Your goal
Below are lines of records; copy exactly those from the one containing "SOGA 45cm Celestial" through the one containing "씽크와이즈 PQ는 기존", leaving the pictures behind.

Exercise material
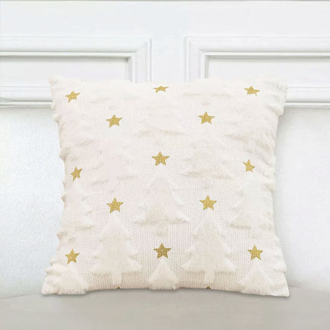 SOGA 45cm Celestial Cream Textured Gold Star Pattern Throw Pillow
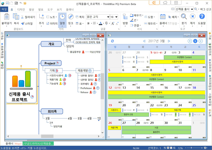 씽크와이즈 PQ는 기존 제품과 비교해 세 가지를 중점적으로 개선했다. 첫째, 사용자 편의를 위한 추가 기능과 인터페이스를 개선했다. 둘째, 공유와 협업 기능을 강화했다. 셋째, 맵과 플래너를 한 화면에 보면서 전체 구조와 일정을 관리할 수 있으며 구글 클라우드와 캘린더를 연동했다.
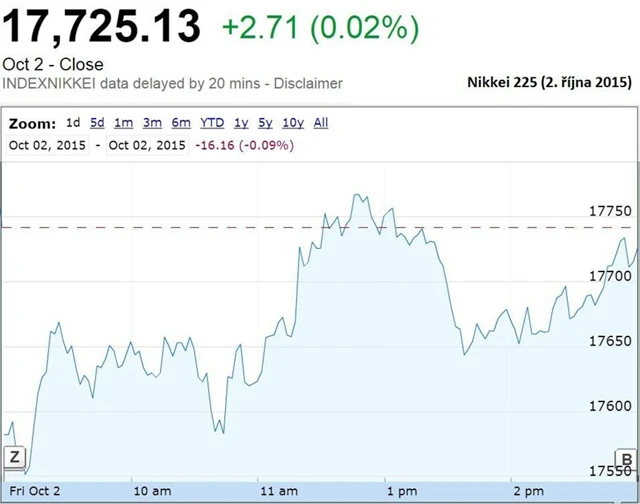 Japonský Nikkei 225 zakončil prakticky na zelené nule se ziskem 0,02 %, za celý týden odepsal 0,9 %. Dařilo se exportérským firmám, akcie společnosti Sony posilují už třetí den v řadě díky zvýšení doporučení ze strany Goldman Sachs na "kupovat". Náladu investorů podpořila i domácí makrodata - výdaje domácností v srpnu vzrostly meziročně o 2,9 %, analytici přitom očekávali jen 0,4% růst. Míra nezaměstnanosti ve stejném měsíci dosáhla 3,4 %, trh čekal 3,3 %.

--

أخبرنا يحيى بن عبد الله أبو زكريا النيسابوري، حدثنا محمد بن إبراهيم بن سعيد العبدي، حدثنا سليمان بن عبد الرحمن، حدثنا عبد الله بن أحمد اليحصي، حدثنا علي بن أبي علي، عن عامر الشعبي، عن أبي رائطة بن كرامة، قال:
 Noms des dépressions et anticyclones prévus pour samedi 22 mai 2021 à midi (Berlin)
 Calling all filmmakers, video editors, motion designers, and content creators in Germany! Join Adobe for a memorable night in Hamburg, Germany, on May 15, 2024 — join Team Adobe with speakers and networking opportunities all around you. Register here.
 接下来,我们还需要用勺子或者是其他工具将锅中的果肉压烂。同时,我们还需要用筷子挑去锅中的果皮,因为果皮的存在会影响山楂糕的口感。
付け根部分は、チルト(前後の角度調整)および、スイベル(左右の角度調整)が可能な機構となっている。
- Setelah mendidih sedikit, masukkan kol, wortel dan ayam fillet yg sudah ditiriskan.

* * *

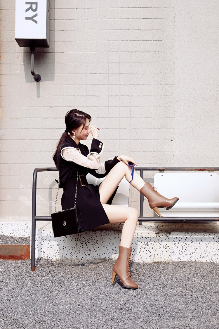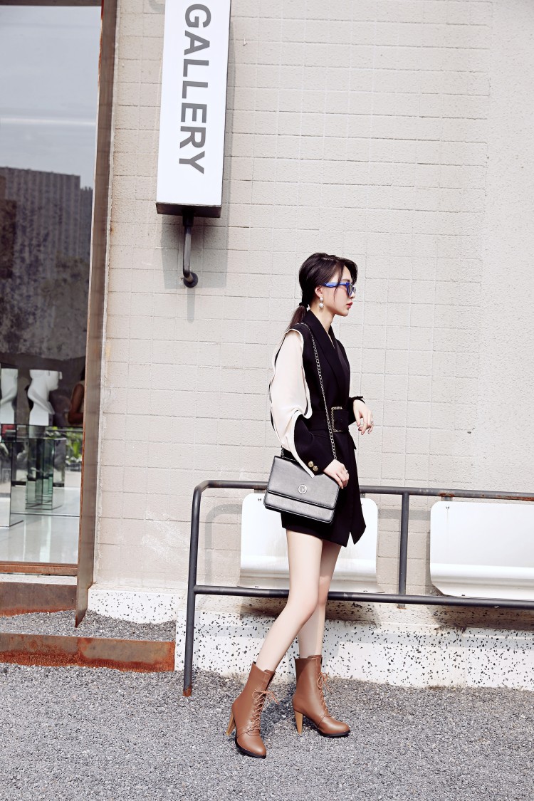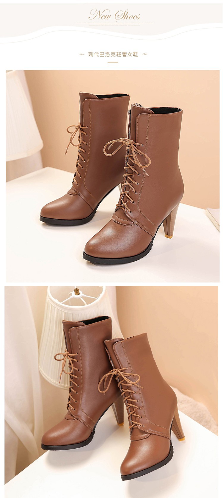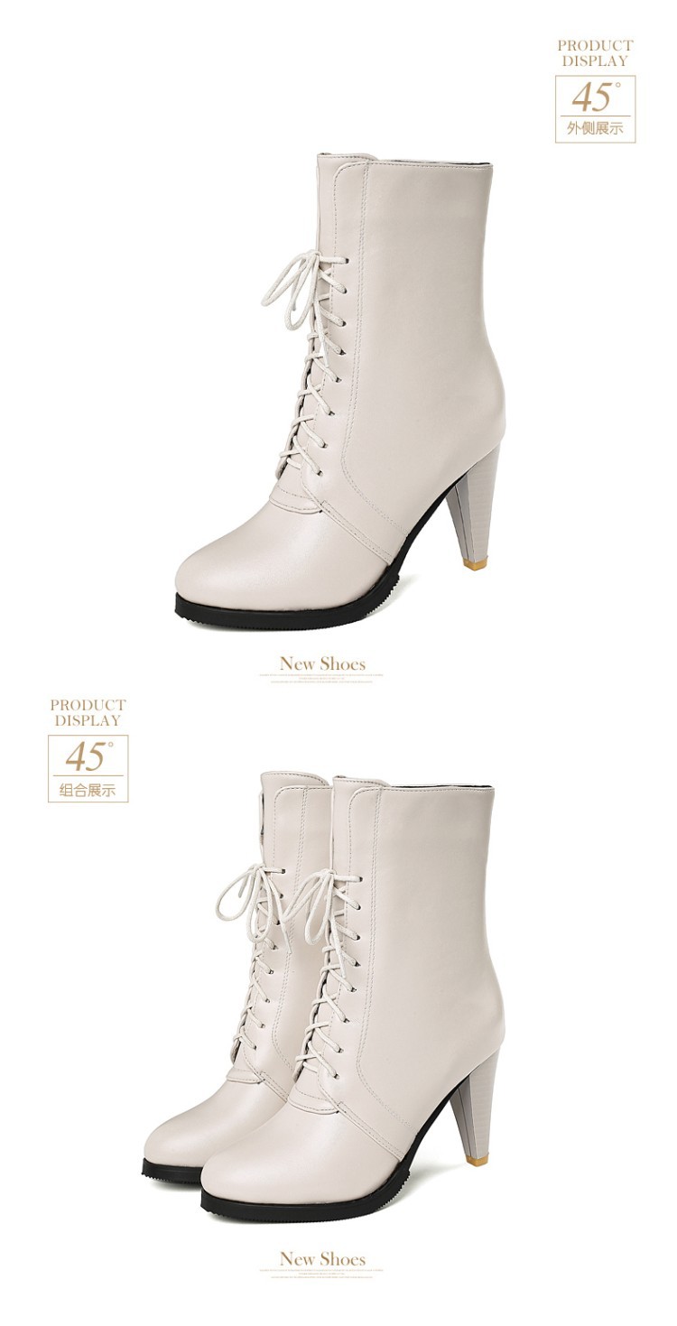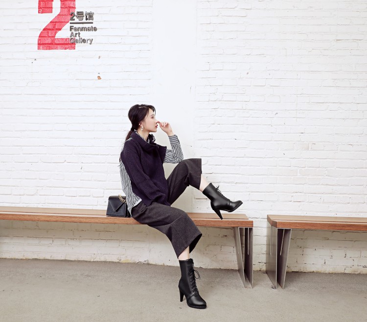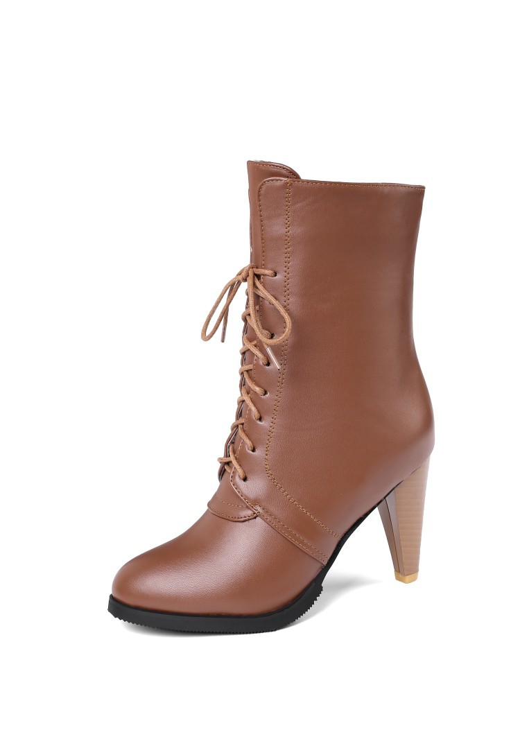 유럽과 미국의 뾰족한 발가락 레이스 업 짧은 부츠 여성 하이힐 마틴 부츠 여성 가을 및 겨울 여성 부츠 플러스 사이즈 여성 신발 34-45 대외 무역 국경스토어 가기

Result of the exercise
 SOGA 45cm Celestial Cream Textured Gold Star Pattern Throw Pillow
 씽크와이즈 PQ는 기존 제품과 비교해 세 가지를 중점적으로 개선했다. 첫째, 사용자 편의를 위한 추가 기능과 인터페이스를 개선했다. 둘째, 공유와 협업 기능을 강화했다. 셋째, 맵과 플래너를 한 화면에 보면서 전체 구조와 일정을 관리할 수 있으며 구글 클라우드와 캘린더를 연동했다.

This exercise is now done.